Mag-log inÉléa
Le calme avant la rupture.
Tout paraît paisible ce soir-là. Trop paisible. Comme si le monde entier retenait son souffle sans comprendre pourquoi. Il y a dans l’air une tension presque imperceptible, un frisson qui ne vient pas du froid mais de l’attente. Je le sens au creux de mes os, à la manière dont mon cœur bat : plus vite, plus fort, comme un tambour de guerre.
C’est ce soir.
Je le sais.
Le plan est prêt. Imparfait, fragile, risqué mais prêt. Et moi aussi. Ou du moins, je n’ai plus le luxe de reculer.
Cela fait combien de temps que j’attends ? Que j’observe ? Que je dérobe des secondes à l’invisible pour préparer ma fuite ? Les jours se sont fondus les uns dans les autres, avalés par la routine clinique, anesthésiés par les sourires vides, les cachets au goût amer, les regards qui percent sans jamais voir.
Mais moi, je vois tout.
Chaque soir, chaque nuit, je l’ai peaufiné en silence, affinant le moindre détail, retenant chaque minute, chaque mouvement. J’ai appris les sons du bâtiment comme on apprend une langue étrangère. Le grincement de la porte des toilettes du premier étage. Le bruit feutré des chaussons de Lisa dans le couloir. Le soupir de la chaudière à minuit et quart. Tous ces détails insignifiants sont devenus mes armes. Ma vérité.
Je suis prête à les utiliser.
Je patiente, assise sur mon lit, les yeux ouverts dans le noir. Je ne dors plus depuis des jours. Juste ce qu’il faut pour tenir. Assez pour survivre. Le sommeil est un luxe que je n’ai plus le droit de m’offrir. Trop de choses en dépendent. Et surtout, je ne veux pas rêver. Pas ici.
Il est 3 h 07 quand la lumière du couloir s’éteint. Le capteur automatique, déréglé, ne détecte plus rien. C’est le premier signal. J’ai vérifié ce détail encore et encore : après 3 h 06, le couloir devient aveugle.
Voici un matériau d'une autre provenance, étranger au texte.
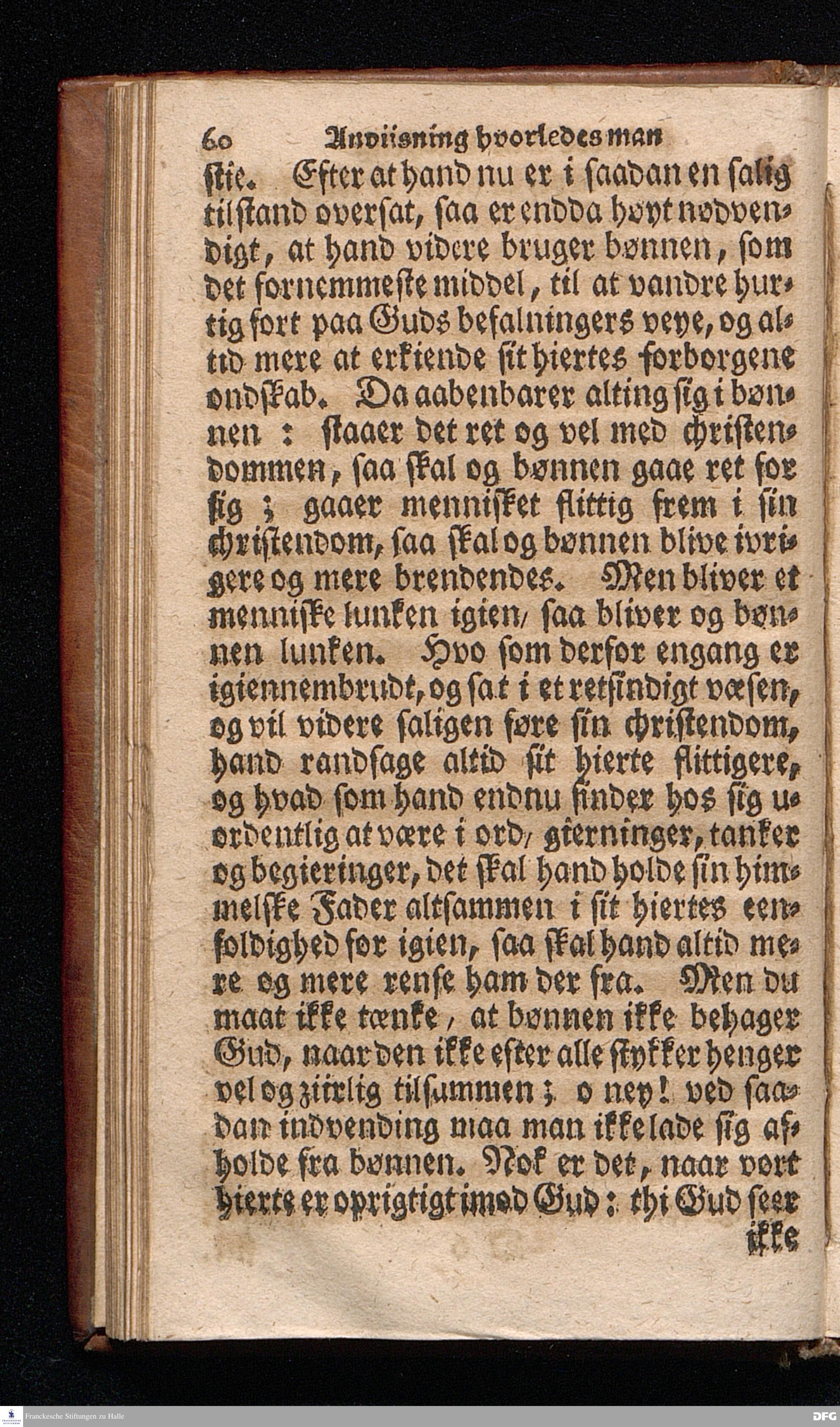 Lærdom Om Et christeligt Levnets Begyndelse, Som indeholder fire Deele: 1. En grundig Anviisning til sand bod og troe paa Gud. 2. En enfoldig Underviisning, hvorledes man skal læse den hellige Skrift til sin rette opbyggelse. 3. En Underviisning af Skriften til at bede ret og Gud behageligen. 4. En kort Prøve, om man har den sande levende troe til Christum, eller ey. KJØBENHAVN,Trykt udi Missions Collegii Bogtrykkerie og paa dets forlag. Aar 1725

Je me lève sans bruit. Chaque mouvement est mesuré, maîtrisé. Mon sac est prêt : une bouteille d’eau, un peu d’argent, des vêtements de rechange, rien de personnel. Rien qui me trahisse. Rien qui m’attache.
Le badge est dans ma poche. Un badge volé, recopié, falsifié. Il ne fonctionne qu’une fois sur deux. Mais il doit fonctionner ce soir.
Je traverse la chambre, ouvre la porte lentement. Les gonds ont été huilés il y a deux nuits.
Le couloir est désert.
Je marche sans bruit, pieds nus. Le lino est froid, rugueux sous mes orteils. Mon cœur cogne dans ma poitrine comme un avertissement. Devant le poste de soin, je retiens mon souffle. Les écrans sont allumés, mais personne ne regarde. Tant mieux. L’agent de nuit doit être dans la salle de pause, les écouteurs vissés sur les oreilles.
Le badge glisse dans la fente. Rouge. Une seconde. Une éternité. Puis vert.
La porte s’ouvre.
L’air frais me frappe au visage comme une gifle d’existence. C’est la première fois depuis des semaines, peut-être des mois, que je respire l’air de dehors sans barrière. Sans surveillance. Sans permission.
Je cours.
Je traverse les haies. Le grillage derrière le jardin. Là où j’ai repéré ce trou. Je rampe. Je passe. Mes coudes râpent la terre humide. L’odeur de l’humus, des feuilles mortes, m’envahit. Ma respiration devient rauque. J’ai mal partout.
Mais je suis dehors.
Le mot claque dans ma tête : libre.
Un instant suspendu.
Mais le silence est rompu.
Un aboiement sec. Une lumière qui s’allume quelque part, loin derrière.
Et puis
« Arrêtez-la ! »
La chasse a commencé.
Je cours, maintenant vraiment. Mes pieds martèlent le bitume, ma respiration devient bruyante, hachée. Je coupe à travers un terrain vague, les hautes herbes me griffent les jambes. Je bifurque entre deux hangars. Une voiture démarre quelque part.
Un coup de feu.
Je hurle sans m’en rendre compte. La balle a ricoché tout près de moi, contre un container rouillé.
Ils tirent.
Ils veulent me ramener. Ou me faire taire.
Je grimpe une échelle d’urgence, mains tremblantes. Mes paumes saignent. Mes ongles se fendent. Je ne sais pas où je vais, je cherche juste à fuir. Au sommet du toit, la ville s’ouvre devant moi, lointaine, inatteignable. Mais je suis trop haut. Trop visible.
Un second coup de feu.
Brûlure. Épaule. Je vacille.
Une troisième détonation.
Je tombe.
Le vide me saisit. Une seconde. Deux.
Puis l’eau.
Un fracas. Une morsure glacée.
J’avais oublié le canal.
Je coule. Les ténèbres me happent. Ma poitrine hurle. Mes bras fouettent l’eau dans un réflexe désespéré. J’émerge, haletante, suffocante. Le goût métallique du sang dans la bouche. Mais je reste à flot. Je lutte. Je bats l’eau. L’eau me repousse, me ramène. Mes bras deviennent lourds, mon épaule hurle.
Sur la berge, des silhouettes se penchent au-dessus du vide.
« Elle est tombée. »
« Y a du sang. »
« Elle est morte. »
Ils ne descendent pas. Ils repartent.
Moi, je reste là, tapie contre les berges, les poumons en feu. L’eau me glace, m’engourdit. Mais je suis vivante. Vivante et libre.
Je rampe sur le béton, m’éloigne du pont, du canal, de leurs voix. Je serre les dents. Ma chemise est déchirée, trempée, collée à ma peau. L’épaule me lance, mais je tiens debout.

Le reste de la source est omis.